[aur-general] My thoughts on the [Community] policy discussion

Drew Frank goodgrue at archlinux.us
Sun Nov 30 14:34:29 EST 2008


On Sun, Nov 30, 2008 at 4:00 AM, Timm Preetz <timm at preetz.us> wrote:
> On Sat, 2008-11-29 at 23:38 -0800, Drew Frank wrote:
>> 2. Both vote counts and pkgstats statistics, as they are currently
>> generated, are flawed metrics of package popularity.
>>
>> 3. Nearly all of the controversy over various [Community] admission
>> policies stems from the fact that different people place different
>> levels of trust in the information provided by votes and pkgstats.
>>
>> I feel like I'm a bit late to the party, but unless there is a
>> critical need to act now my recommendation would be to first set up a
>> system whereby accurate usage statistics are obtained and then proceed
>> to develop policy based on accurate, interpretable statistics.
>
> How do you want to measure the usage correctly?

Good question :).  Unfortunately, I can't say I have the answer, but
with so many clever folks here I'm confident we could figure something
out.

> Then we would need a community-layer to pacman wo notifies AUR whenever
> a package from community is installed or deleted.

Seems reasonable.

> But that won't happen due to privacy concerns.

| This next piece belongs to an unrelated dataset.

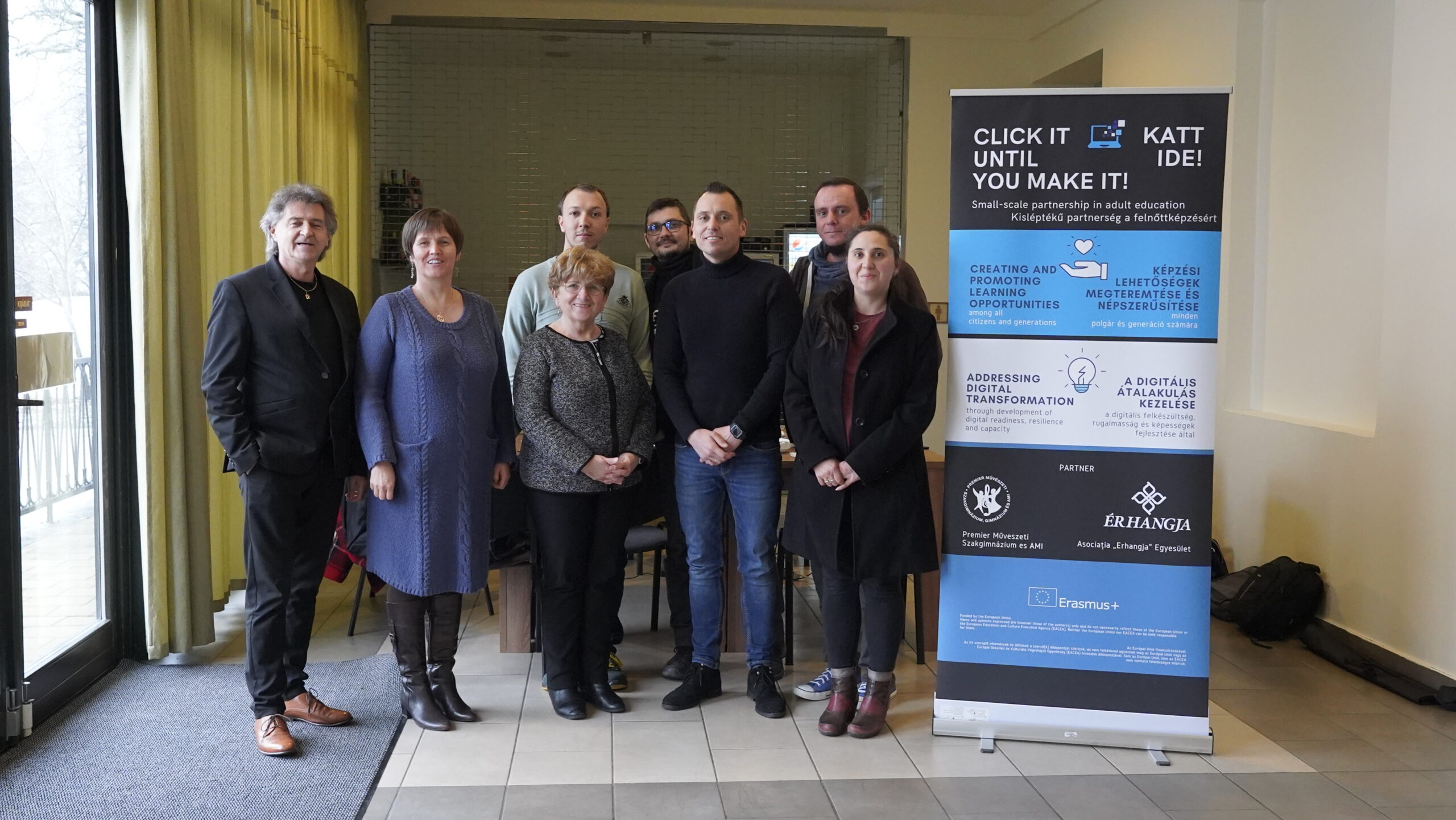 Szakmai találkozón vettek részt az Ér Hangja Egyesület tagjai január harmadik hétvégéjén a magyarországi Gyulán, ahol a Click it until you make it! (Kattints, amíg megcsinálod) elnevezésű nyertes Erasmus+ projektjük részleteit egyeztették a békéscsabai Premier Művészeti Szakgimnázium és Alapfokú Művészeti Iskola képviselőivel, akik a projektben partnereik lesznek. A találkozó célja az volt, hogy megtervezzenekegy időseknek szóló, a digitális kompetenciák fejlesztését célzó ingyenes tanfolyamot, és egymás között elosszák a projekt részét képező 20 oktatóvideó elkészítésének munkálatait.

I admit, my experience dealing with this issue is quite limited.  How
exactly would this violate user privacy?  Could we not anonymize the
data before storing it?

There are other potential solutions I've seen discussed, such as
asking everyone to run pkgstats every x months.  This also sounds
plausible, but has the drawback of being less up-to-date and relying,
like voting, on users to do as they're asked.  It could be
pre-installed as a cron job, but some folks like to disable cron.
Still, I think it has potential.

The "pacman community-layer" idea has the advantage that no extra work
is required on the part of users, and to me (besides the privacy issue
which I don't yet fully understand) seems like the best option.  In
some sense, it would be just an automated, anonymous, forced
"vote"/"unvote" mechanism.

Again, I am mostly just trying to direct attention toward what seems
to me like a very solvable problem.  People have talked about creating
a "more optimal" admission policy -- it seems to me that any policy
based on imperfect information will have issues, and thus the first
question we need to answer is the one you brought up: how can we
measure usage correctly?  I worry that a system that relies too much
on incorrect usage information will necessitate manual corrections and
special-cases and cause headaches down the road.